◆ **WHAT YOU SHOULD DO**
Could you copy exactly the lines from the start of the records through the one containing "Schlafzimmer (nr. 1)", both included, and leave out the pictures?

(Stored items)
BEGIN

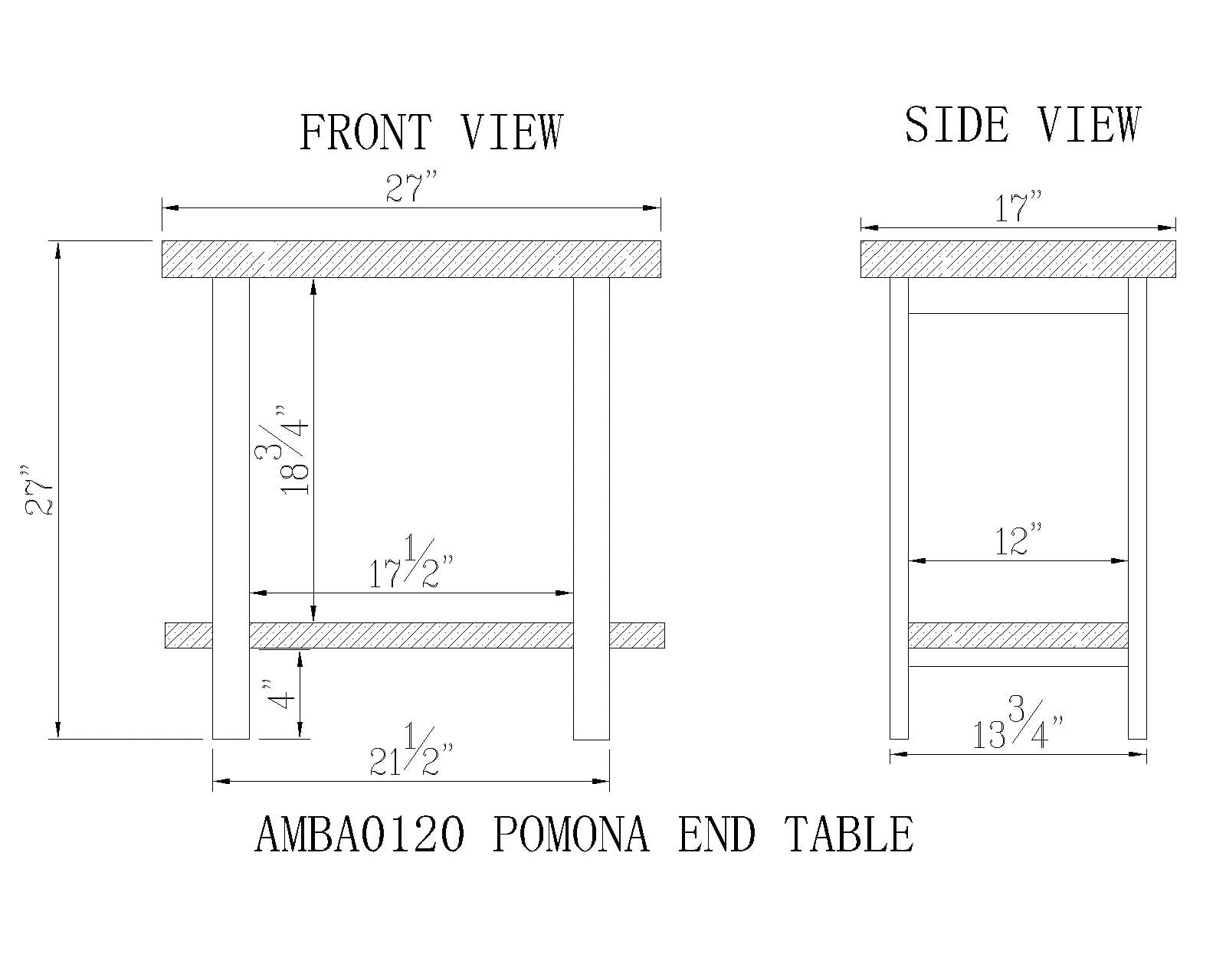 The Pomona collection features the exquisite workmanship of a solid wood top with metal legs that will last for years to come. Each piece is constructed of solid pine wood and finished to have the appearance of reclaimed wood. The reclaimed wood finish highlights natural wood variations such as cracks and knots which add to the piece’s character. Any item in this collection will add to the rustic industrial style of any space. Pomona 2-tier end table will add warmth to any décor. The rustic natural finish and design provide a stylish element to your room. Add your favorite lamp, books, magazines, or knick knack to complete your decorating style.
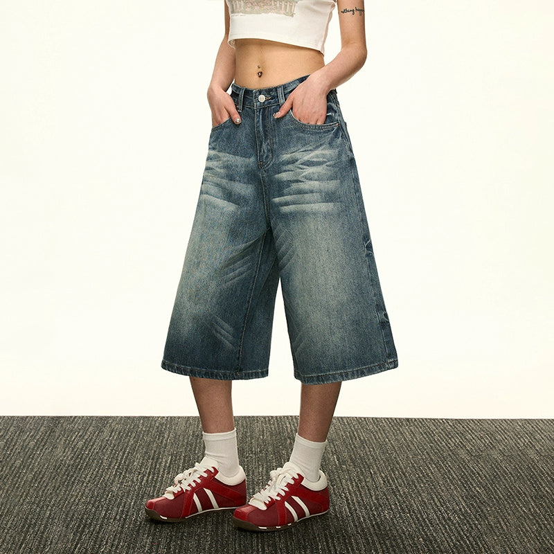 Jimmy Washed Old Cat Beard High Waist and Thin Wide Leg Cropped Pants Denim
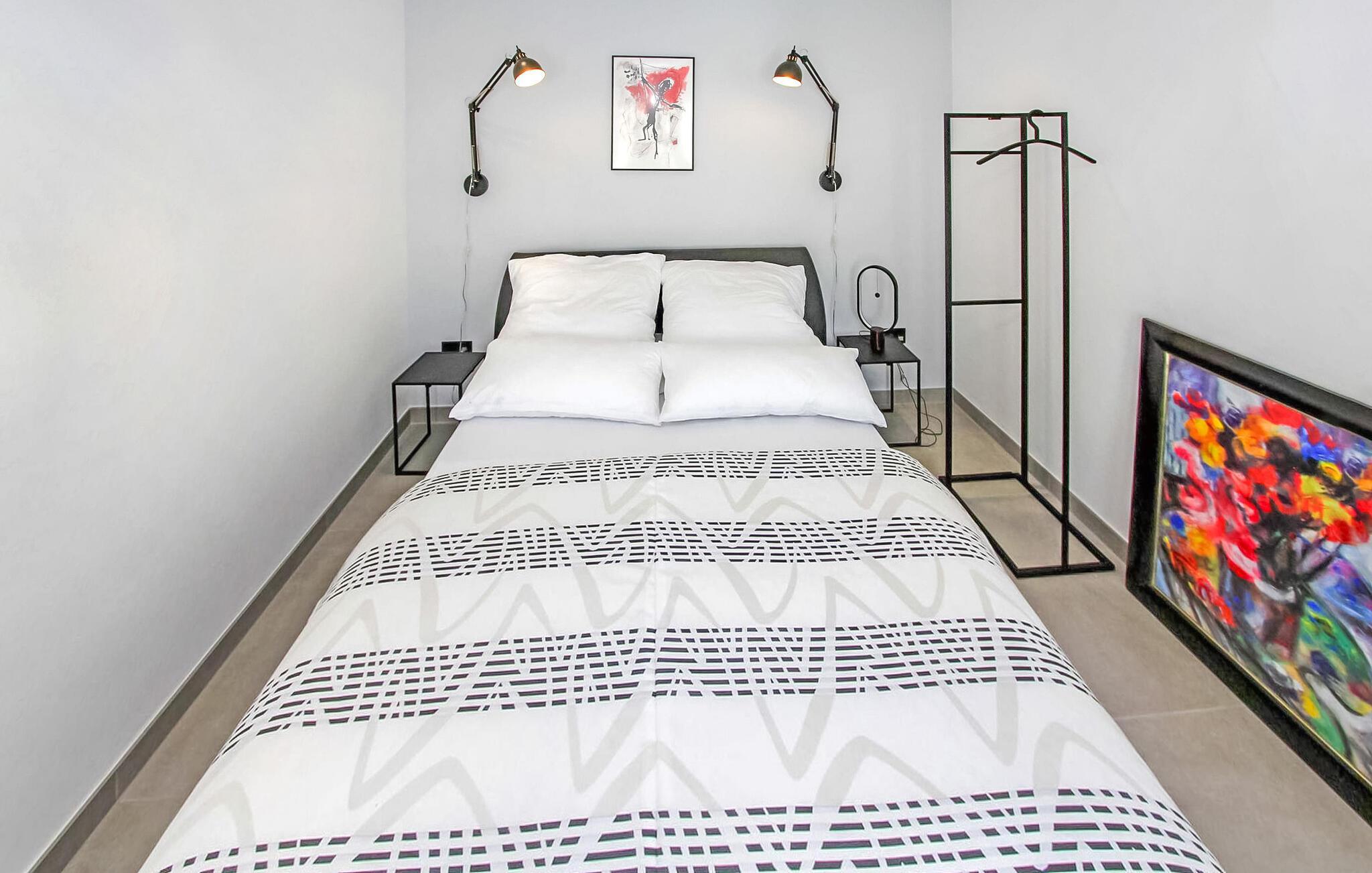 Schlafzimmer (nr. 1) - 2 Schlafmöglichkeiten. (Doppelbett(en)). 1 Schlafmöglichkeit. (Matratze).
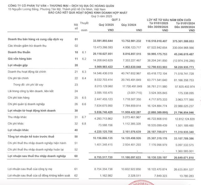 Theo báo cáo kết quả kinh doanh hợp nhất quý III/2025 của CTCP Tư vấn Thương mại Dịch vụ Địa Ốc Hoàng Quân (mã ck: HQC), doanh nghiệp ghi nhận doanh thu thuần đạt 20,1 tỷ đồng, gấp 2,3 lần cùng kỳ năm ngoái.
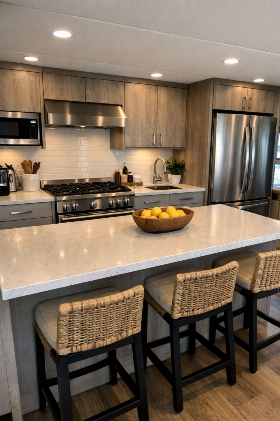 The kitchen is a chef’s dream, designed with both functionality and style in mind. High-end stainless steel appliances are set against a backdrop of sleek cabinetry and quartz countertops. An island provides ample space for meal preparation, complete with bar seating for casual dining. The use of muted colors and natural materials creates a seamless flow with the rest of the home, while clever storage solutions keep the space uncluttered and efficient.
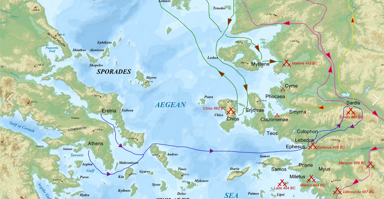这个导火索如约而至,就是位于小亚细亚沿岸的希腊人建立的移民城邦的民众揭竿而起,反抗波斯统治的暴动,史称爱奥尼亚人起义。
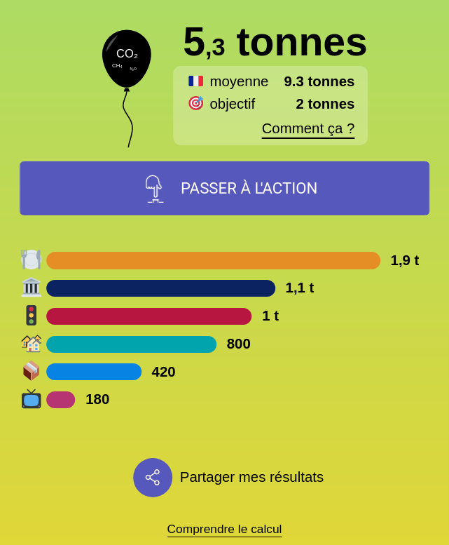 C’est en-dessous de la moyenne française, mais il faut garder à l’esprit que l’objectif à atteindre est de 2 tonnes (voir même 1.6t) pour avoir une chance de rester en-dessous des 2°C d’augmentation de température moyenne et éviter les effets dévastateurs.
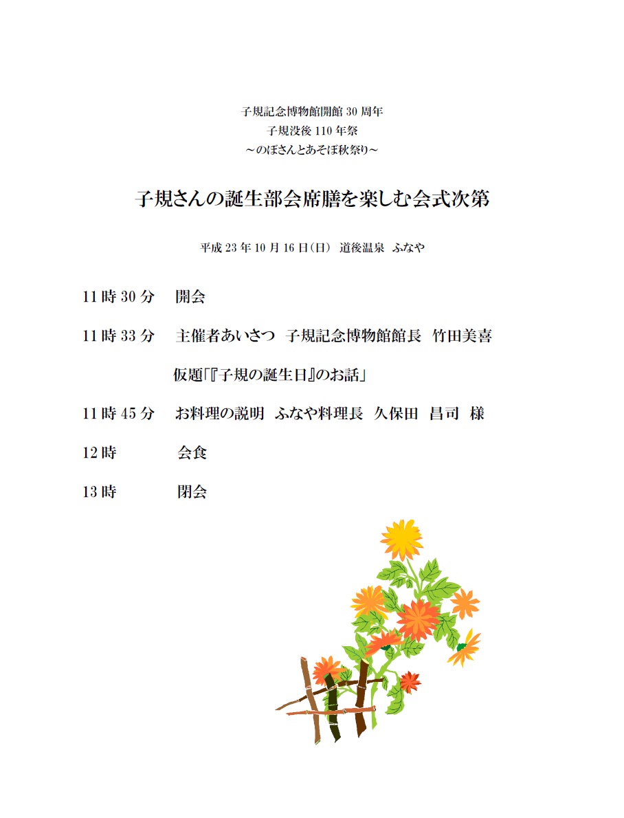 子規誕生祭_「子規さんの誕生日会席膳を楽しむ会」≪ ご報告 ≫_平成23年10月16日

END

◆ **ANSWER SPACE**
 The Pomona collection features the exquisite workmanship of a solid wood top with metal legs that will last for years to come. Each piece is constructed of solid pine wood and finished to have the appearance of reclaimed wood. The reclaimed wood finish highlights natural wood variations such as cracks and knots which add to the piece’s character. Any item in this collection will add to the rustic industrial style of any space. Pomona 2-tier end table will add warmth to any décor. The rustic natural finish and design provide a stylish element to your room. Add your favorite lamp, books, magazines, or knick knack to complete your decorating style.
 Jimmy Washed Old Cat Beard High Waist and Thin Wide Leg Cropped Pants Denim
 Schlafzimmer (nr. 1) - 2 Schlafmöglichkeiten. (Doppelbett(en)). 1 Schlafmöglichkeit. (Matratze).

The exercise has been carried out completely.